Description of the task: Each entry below must be written out exactly, with pictures left out.

====== Available records

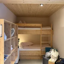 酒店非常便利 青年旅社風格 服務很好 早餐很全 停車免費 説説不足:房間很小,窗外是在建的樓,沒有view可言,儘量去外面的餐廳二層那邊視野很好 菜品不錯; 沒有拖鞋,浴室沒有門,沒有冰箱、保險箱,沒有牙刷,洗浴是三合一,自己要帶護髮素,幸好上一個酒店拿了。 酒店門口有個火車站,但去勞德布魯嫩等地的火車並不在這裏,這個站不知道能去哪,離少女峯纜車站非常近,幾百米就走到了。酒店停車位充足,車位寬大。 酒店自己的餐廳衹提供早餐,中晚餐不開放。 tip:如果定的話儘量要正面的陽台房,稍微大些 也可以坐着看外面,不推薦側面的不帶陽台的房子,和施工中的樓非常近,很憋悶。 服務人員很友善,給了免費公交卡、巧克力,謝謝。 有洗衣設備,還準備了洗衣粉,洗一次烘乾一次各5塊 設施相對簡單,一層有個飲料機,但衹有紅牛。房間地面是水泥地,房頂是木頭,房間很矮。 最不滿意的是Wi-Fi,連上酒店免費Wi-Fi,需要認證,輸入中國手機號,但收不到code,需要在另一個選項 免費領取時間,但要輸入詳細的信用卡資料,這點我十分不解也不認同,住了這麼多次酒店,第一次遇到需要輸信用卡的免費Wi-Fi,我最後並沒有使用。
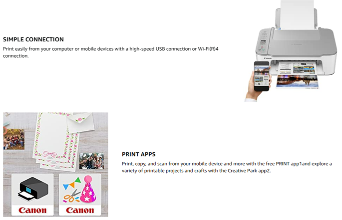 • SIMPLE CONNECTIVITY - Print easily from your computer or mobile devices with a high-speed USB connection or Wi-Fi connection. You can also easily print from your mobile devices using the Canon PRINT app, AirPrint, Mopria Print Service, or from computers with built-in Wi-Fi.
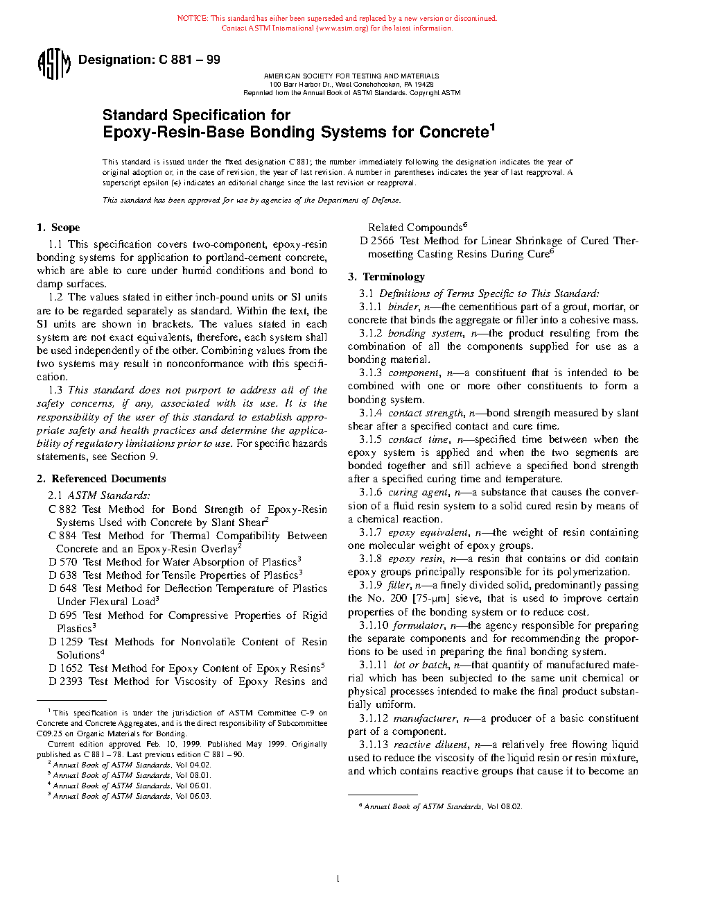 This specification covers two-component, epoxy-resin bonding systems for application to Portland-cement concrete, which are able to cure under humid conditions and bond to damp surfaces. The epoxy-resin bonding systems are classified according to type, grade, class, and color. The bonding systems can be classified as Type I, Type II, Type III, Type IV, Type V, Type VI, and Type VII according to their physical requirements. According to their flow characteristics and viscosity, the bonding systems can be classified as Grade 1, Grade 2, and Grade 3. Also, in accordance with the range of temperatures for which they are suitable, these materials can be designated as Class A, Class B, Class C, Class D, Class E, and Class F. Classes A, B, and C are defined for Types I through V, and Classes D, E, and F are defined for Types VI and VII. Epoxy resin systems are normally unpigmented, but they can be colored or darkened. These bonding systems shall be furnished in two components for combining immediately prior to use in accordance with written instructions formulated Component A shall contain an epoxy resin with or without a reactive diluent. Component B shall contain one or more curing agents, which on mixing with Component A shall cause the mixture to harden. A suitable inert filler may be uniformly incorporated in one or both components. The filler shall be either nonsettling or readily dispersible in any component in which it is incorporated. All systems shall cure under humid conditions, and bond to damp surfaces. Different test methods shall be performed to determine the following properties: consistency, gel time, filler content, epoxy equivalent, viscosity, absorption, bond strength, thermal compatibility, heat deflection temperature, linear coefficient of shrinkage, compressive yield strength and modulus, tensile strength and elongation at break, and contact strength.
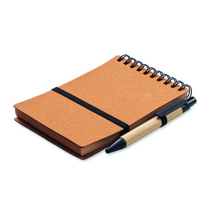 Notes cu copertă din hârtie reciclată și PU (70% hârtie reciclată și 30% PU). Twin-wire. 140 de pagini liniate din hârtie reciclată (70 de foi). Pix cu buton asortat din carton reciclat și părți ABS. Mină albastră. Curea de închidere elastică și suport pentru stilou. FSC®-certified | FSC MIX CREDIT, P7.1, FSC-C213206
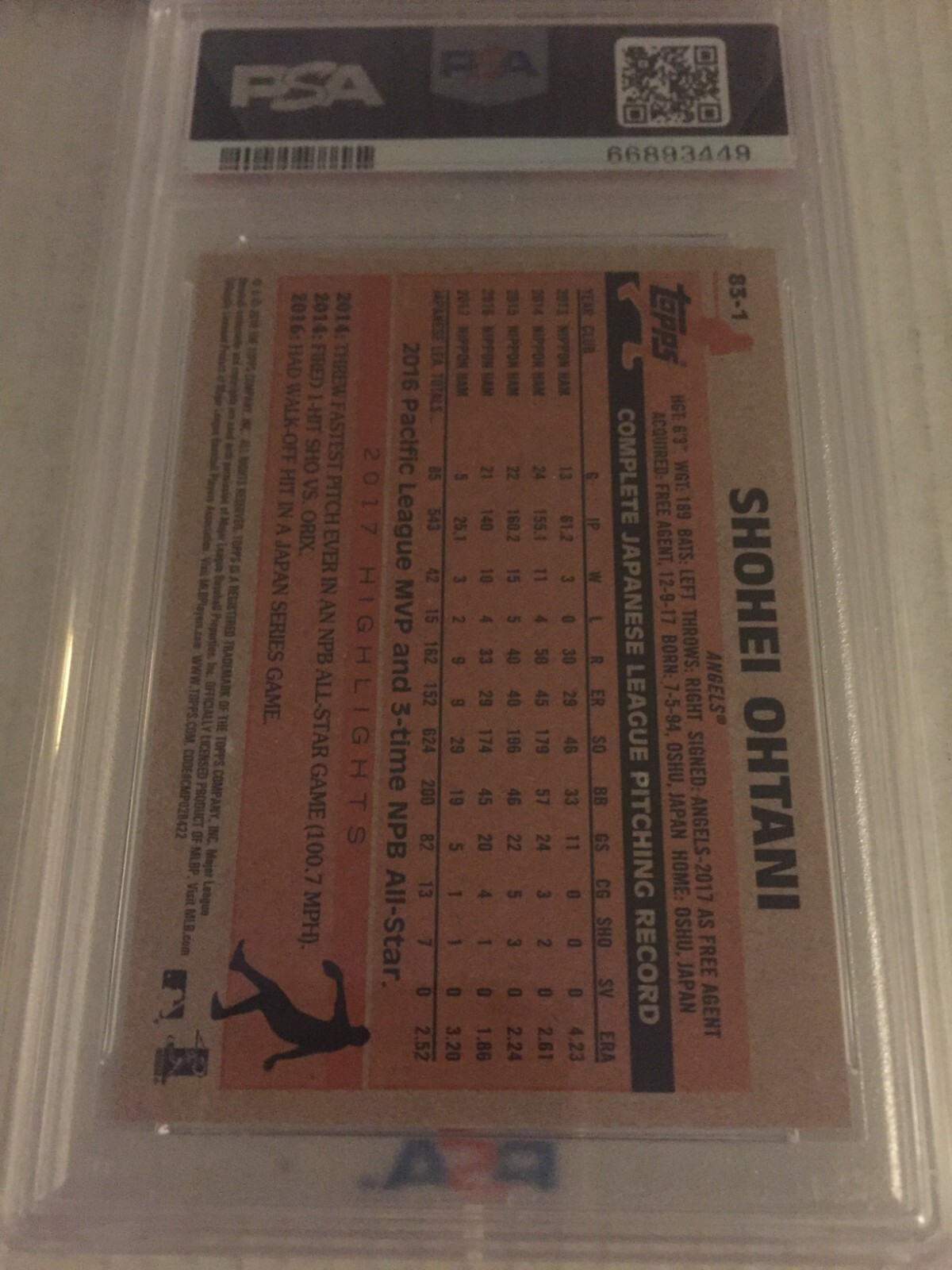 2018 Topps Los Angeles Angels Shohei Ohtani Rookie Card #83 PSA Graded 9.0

============

Solution for this exercise:
 酒店非常便利 青年旅社風格 服務很好 早餐很全 停車免費 説説不足:房間很小,窗外是在建的樓,沒有view可言,儘量去外面的餐廳二層那邊視野很好 菜品不錯; 沒有拖鞋,浴室沒有門,沒有冰箱、保險箱,沒有牙刷,洗浴是三合一,自己要帶護髮素,幸好上一個酒店拿了。 酒店門口有個火車站,但去勞德布魯嫩等地的火車並不在這裏,這個站不知道能去哪,離少女峯纜車站非常近,幾百米就走到了。酒店停車位充足,車位寬大。 酒店自己的餐廳衹提供早餐,中晚餐不開放。 tip:如果定的話儘量要正面的陽台房,稍微大些 也可以坐着看外面,不推薦側面的不帶陽台的房子,和施工中的樓非常近,很憋悶。 服務人員很友善,給了免費公交卡、巧克力,謝謝。 有洗衣設備,還準備了洗衣粉,洗一次烘乾一次各5塊 設施相對簡單,一層有個飲料機,但衹有紅牛。房間地面是水泥地,房頂是木頭,房間很矮。 最不滿意的是Wi-Fi,連上酒店免費Wi-Fi,需要認證,輸入中國手機號,但收不到code,需要在另一個選項 免費領取時間,但要輸入詳細的信用卡資料,這點我十分不解也不認同,住了這麼多次酒店,第一次遇到需要輸信用卡的免費Wi-Fi,我最後並沒有使用。
 • SIMPLE CONNECTIVITY - Print easily from your computer or mobile devices with a high-speed USB connection or Wi-Fi connection. You can also easily print from your mobile devices using the Canon PRINT app, AirPrint, Mopria Print Service, or from computers with built-in Wi-Fi.
 This specification covers two-component, epoxy-resin bonding systems for application to Portland-cement concrete, which are able to cure under humid conditions and bond to damp surfaces. The epoxy-resin bonding systems are classified according to type, grade, class, and color. The bonding systems can be classified as Type I, Type II, Type III, Type IV, Type V, Type VI, and Type VII according to their physical requirements. According to their flow characteristics and viscosity, the bonding systems can be classified as Grade 1, Grade 2, and Grade 3. Also, in accordance with the range of temperatures for which they are suitable, these materials can be designated as Class A, Class B, Class C, Class D, Class E, and Class F. Classes A, B, and C are defined for Types I through V, and Classes D, E, and F are defined for Types VI and VII. Epoxy resin systems are normally unpigmented, but they can be colored or darkened. These bonding systems shall be furnished in two components for combining immediately prior to use in accordance with written instructions formulated Component A shall contain an epoxy resin with or without a reactive diluent. Component B shall contain one or more curing agents, which on mixing with Component A shall cause the mixture to harden. A suitable inert filler may be uniformly incorporated in one or both components. The filler shall be either nonsettling or readily dispersible in any component in which it is incorporated. All systems shall cure under humid conditions, and bond to damp surfaces. Different test methods shall be performed to determine the following properties: consistency, gel time, filler content, epoxy equivalent, viscosity, absorption, bond strength, thermal compatibility, heat deflection temperature, linear coefficient of shrinkage, compressive yield strength and modulus, tensile strength and elongation at break, and contact strength.
 Notes cu copertă din hârtie reciclată și PU (70% hârtie reciclată și 30% PU). Twin-wire. 140 de pagini liniate din hârtie reciclată (70 de foi). Pix cu buton asortat din carton reciclat și părți ABS. Mină albastră. Curea de închidere elastică și suport pentru stilou. FSC®-certified | FSC MIX CREDIT, P7.1, FSC-C213206
 2018 Topps Los Angeles Angels Shohei Ohtani Rookie Card #83 PSA Graded 9.0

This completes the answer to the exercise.